Exercise instructions – Each line starting at the one that contains "Unwind in luxury" and ending at the one that contains "声明两个函数,分别创建量两个私有的作用域(可以理解为两个封闭容器),fn2 是不能直接访问私有作用域 fn1" must be returned exactly, and the rest of the listing is left out.

Given entries –
------------------------------------
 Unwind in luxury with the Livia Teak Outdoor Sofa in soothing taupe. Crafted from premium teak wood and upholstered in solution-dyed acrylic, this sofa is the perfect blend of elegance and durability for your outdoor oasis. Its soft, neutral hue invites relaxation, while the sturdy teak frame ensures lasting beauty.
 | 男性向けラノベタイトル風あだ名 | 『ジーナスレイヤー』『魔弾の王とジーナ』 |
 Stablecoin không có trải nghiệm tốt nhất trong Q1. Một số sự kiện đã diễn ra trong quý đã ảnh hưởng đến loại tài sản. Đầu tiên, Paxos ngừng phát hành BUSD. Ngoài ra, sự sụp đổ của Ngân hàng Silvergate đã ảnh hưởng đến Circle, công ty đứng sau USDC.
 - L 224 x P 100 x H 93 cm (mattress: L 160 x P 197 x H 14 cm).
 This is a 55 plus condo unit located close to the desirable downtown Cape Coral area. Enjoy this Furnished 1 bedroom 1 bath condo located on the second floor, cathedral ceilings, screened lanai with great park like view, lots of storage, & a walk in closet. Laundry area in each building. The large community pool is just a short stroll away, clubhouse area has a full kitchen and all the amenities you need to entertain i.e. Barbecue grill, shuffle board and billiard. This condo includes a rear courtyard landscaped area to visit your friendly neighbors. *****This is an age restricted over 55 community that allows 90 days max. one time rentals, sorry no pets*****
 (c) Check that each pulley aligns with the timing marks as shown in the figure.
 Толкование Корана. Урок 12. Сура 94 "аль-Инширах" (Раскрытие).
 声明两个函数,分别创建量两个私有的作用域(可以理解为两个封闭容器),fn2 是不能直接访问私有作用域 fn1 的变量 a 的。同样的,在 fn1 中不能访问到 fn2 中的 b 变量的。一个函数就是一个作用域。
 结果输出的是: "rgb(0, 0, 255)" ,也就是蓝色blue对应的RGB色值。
------------------------------------
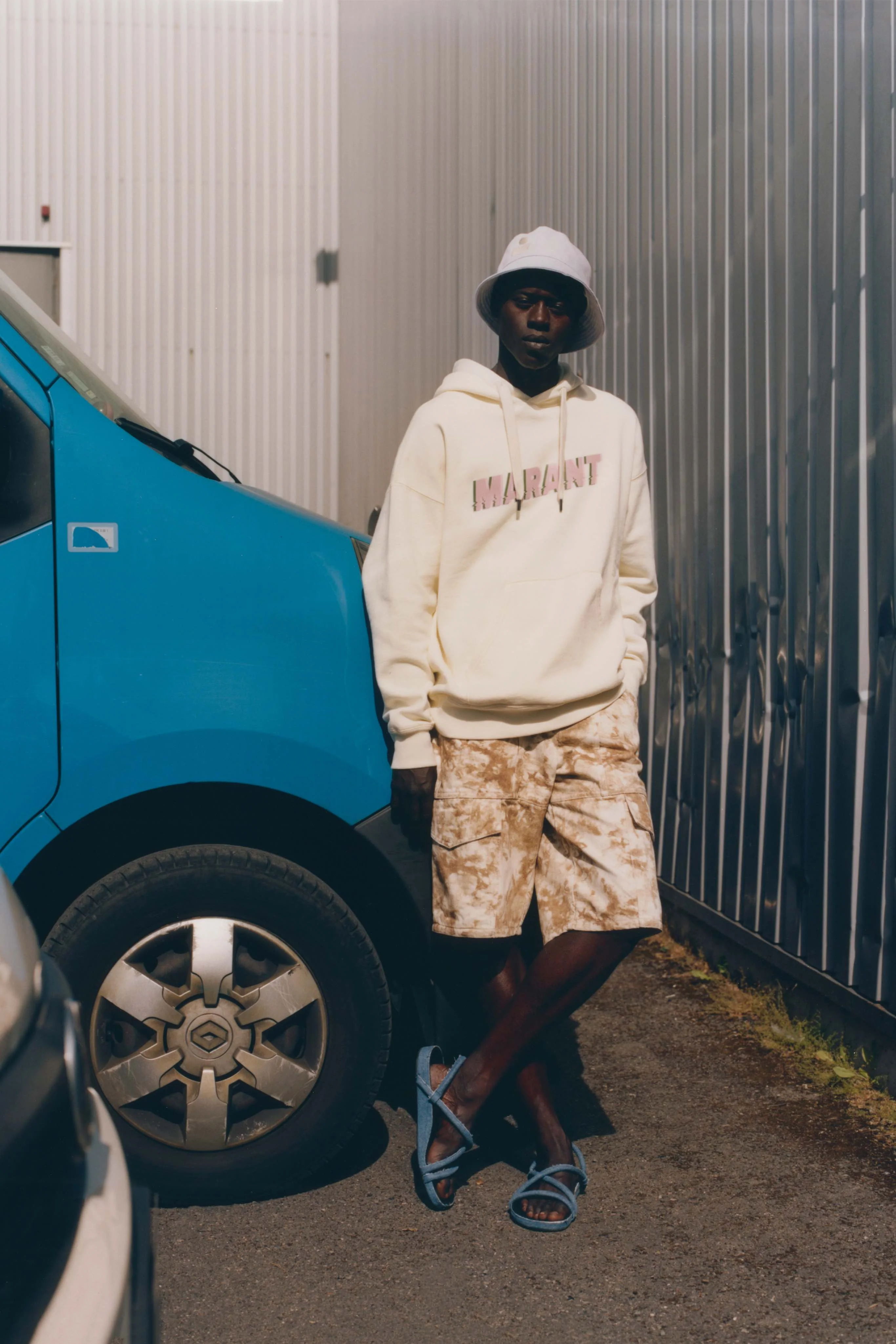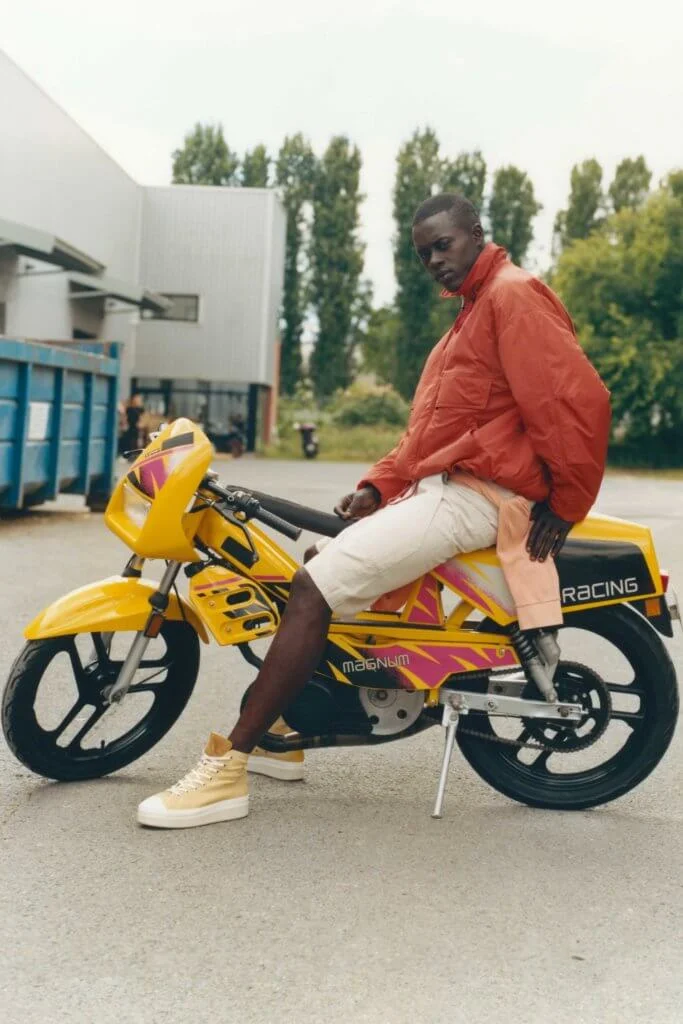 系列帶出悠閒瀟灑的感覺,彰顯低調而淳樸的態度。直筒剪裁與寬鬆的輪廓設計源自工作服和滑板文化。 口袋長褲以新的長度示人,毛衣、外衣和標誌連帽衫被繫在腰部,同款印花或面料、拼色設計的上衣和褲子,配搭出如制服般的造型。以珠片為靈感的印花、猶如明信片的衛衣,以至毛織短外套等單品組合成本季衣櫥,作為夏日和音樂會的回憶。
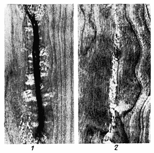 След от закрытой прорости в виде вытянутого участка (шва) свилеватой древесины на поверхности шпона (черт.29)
------------------------------------
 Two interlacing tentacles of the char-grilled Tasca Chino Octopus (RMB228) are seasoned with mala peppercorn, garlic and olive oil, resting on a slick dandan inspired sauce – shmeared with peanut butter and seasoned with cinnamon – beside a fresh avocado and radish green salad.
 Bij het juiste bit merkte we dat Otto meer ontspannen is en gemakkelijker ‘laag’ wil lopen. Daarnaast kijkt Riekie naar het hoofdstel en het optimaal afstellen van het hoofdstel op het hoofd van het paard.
------------------------------------
Exercise solution –
 Unwind in luxury with the Livia Teak Outdoor Sofa in soothing taupe. Crafted from premium teak wood and upholstered in solution-dyed acrylic, this sofa is the perfect blend of elegance and durability for your outdoor oasis. Its soft, neutral hue invites relaxation, while the sturdy teak frame ensures lasting beauty.
 | 男性向けラノベタイトル風あだ名 | 『ジーナスレイヤー』『魔弾の王とジーナ』 |
 Stablecoin không có trải nghiệm tốt nhất trong Q1. Một số sự kiện đã diễn ra trong quý đã ảnh hưởng đến loại tài sản. Đầu tiên, Paxos ngừng phát hành BUSD. Ngoài ra, sự sụp đổ của Ngân hàng Silvergate đã ảnh hưởng đến Circle, công ty đứng sau USDC.
 - L 224 x P 100 x H 93 cm (mattress: L 160 x P 197 x H 14 cm).
 This is a 55 plus condo unit located close to the desirable downtown Cape Coral area. Enjoy this Furnished 1 bedroom 1 bath condo located on the second floor, cathedral ceilings, screened lanai with great park like view, lots of storage, & a walk in closet. Laundry area in each building. The large community pool is just a short stroll away, clubhouse area has a full kitchen and all the amenities you need to entertain i.e. Barbecue grill, shuffle board and billiard. This condo includes a rear courtyard landscaped area to visit your friendly neighbors. *****This is an age restricted over 55 community that allows 90 days max. one time rentals, sorry no pets*****
 (c) Check that each pulley aligns with the timing marks as shown in the figure.
 Толкование Корана. Урок 12. Сура 94 "аль-Инширах" (Раскрытие).
 声明两个函数,分别创建量两个私有的作用域(可以理解为两个封闭容器),fn2 是不能直接访问私有作用域 fn1 的变量 a 的。同样的,在 fn1 中不能访问到 fn2 中的 b 变量的。一个函数就是一个作用域。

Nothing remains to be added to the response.